WHAT IS EXPECTED: Repeat the span of the entries below that starts at the line with "Precision Trackpad –" and ends at the line with "当然,视频文件播放前必须经过软件转换,转换软件为Blaze Video Magic", nothing more. Skip the pictures.

DATA FOR THIS EXERCISE:

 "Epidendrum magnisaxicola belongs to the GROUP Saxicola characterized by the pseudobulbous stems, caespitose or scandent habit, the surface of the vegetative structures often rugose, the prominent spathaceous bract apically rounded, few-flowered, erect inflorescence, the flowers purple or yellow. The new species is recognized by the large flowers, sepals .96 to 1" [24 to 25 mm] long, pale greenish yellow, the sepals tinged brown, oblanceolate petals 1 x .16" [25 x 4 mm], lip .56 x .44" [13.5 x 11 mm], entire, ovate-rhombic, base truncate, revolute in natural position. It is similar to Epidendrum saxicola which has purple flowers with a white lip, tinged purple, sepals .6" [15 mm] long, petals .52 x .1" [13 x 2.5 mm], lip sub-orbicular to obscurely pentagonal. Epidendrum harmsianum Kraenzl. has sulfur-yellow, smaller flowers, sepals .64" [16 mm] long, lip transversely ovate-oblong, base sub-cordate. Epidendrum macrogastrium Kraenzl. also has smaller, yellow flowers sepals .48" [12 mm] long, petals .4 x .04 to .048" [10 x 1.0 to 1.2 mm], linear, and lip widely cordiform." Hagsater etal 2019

==

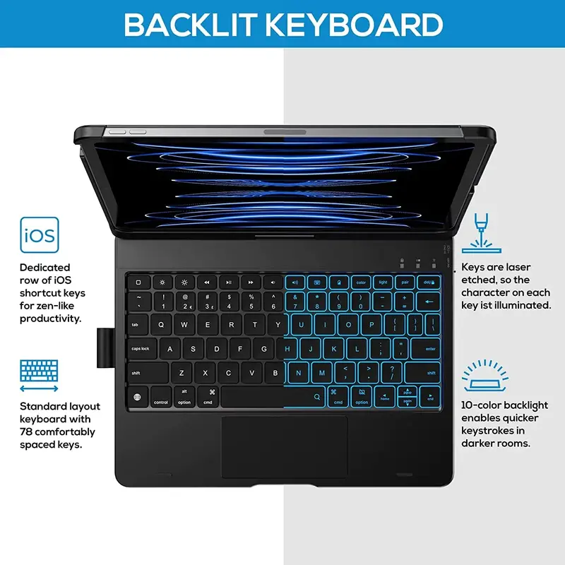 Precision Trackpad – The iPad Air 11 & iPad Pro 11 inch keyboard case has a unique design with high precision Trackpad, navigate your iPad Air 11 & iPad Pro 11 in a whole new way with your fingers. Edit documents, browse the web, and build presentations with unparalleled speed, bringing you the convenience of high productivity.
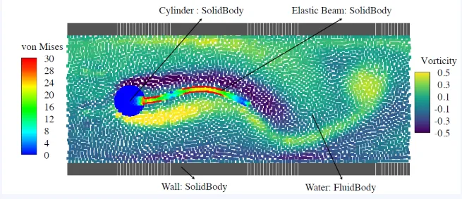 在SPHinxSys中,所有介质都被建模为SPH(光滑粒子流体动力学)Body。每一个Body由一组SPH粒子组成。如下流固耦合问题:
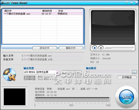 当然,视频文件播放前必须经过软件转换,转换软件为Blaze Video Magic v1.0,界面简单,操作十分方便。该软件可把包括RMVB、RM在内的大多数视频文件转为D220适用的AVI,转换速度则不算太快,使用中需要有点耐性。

FINAL ANSWER:
 Precision Trackpad – The iPad Air 11 & iPad Pro 11 inch keyboard case has a unique design with high precision Trackpad, navigate your iPad Air 11 & iPad Pro 11 in a whole new way with your fingers. Edit documents, browse the web, and build presentations with unparalleled speed, bringing you the convenience of high productivity.
 在SPHinxSys中,所有介质都被建模为SPH(光滑粒子流体动力学)Body。每一个Body由一组SPH粒子组成。如下流固耦合问题:
 当然,视频文件播放前必须经过软件转换,转换软件为Blaze Video Magic v1.0,界面简单,操作十分方便。该软件可把包括RMVB、RM在内的大多数视频文件转为D220适用的AVI,转换速度则不算太快,使用中需要有点耐性。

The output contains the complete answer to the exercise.